There are no grammatical mistakes here — which is expected, since the model is trained on words, and not characters. However, the output is a mix of overfit text and hallucinations. The beginning of the output is the exact continuation of the input, which comes from an iOS tutorial I once wrote. However, at some point, it switches to a nearly-random set of words. This random set resembles some of the novels I wrote, but they don't make sense.

It is worth mentioning again that this result comes from the weights the model had around epoch 90. Weights from earlier epochs resulted in text with no meaning, and from later epochs, in copies of the training data due to overfit.

The model trained on words seems to be unable to find the balance between learning my writing style, learning to generate text that makes sense, and not overfitting the training data.

# Final conclusion

it seems that LSTMs can only scratch the surface of text generation.
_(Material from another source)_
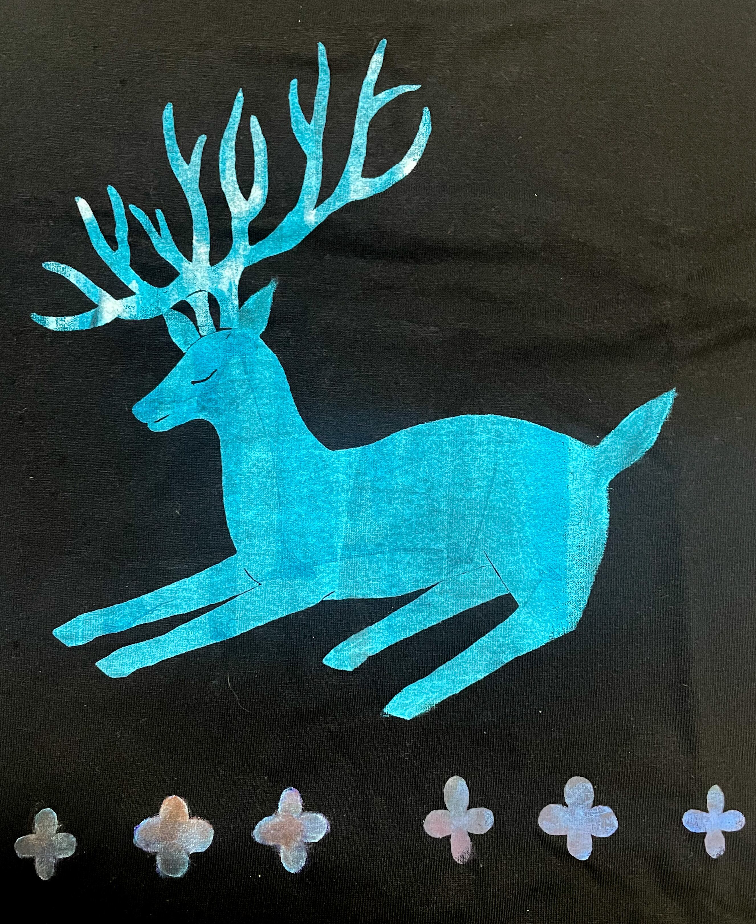 「夜の鹿」(オリジナル手刷りTシャツ)
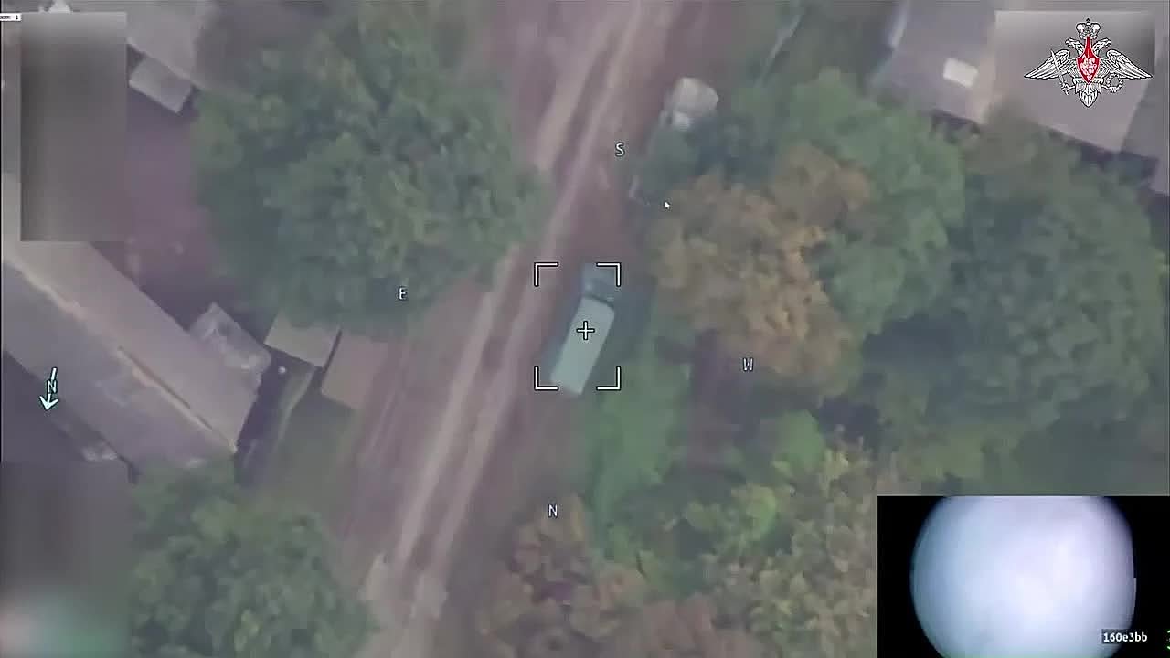 ВС РФ "Геранями" поразили пункт дислокации ВСУ в районе н. п. Поповка в Черниговской области.Видео: Минобороны России/ТАСС

These models output content that individually makes sense (such as characters that make up actual words), but they struggle to arrange these successful units in a meaningful way, apparently being unable to create useful sentences without overfitting the training data.

In order to bridge this gap, it seems like we need a model that can understand the relevance of each word relative to each other. This likely means a model that contains attention mechanisms, which I will explore in the next assignment.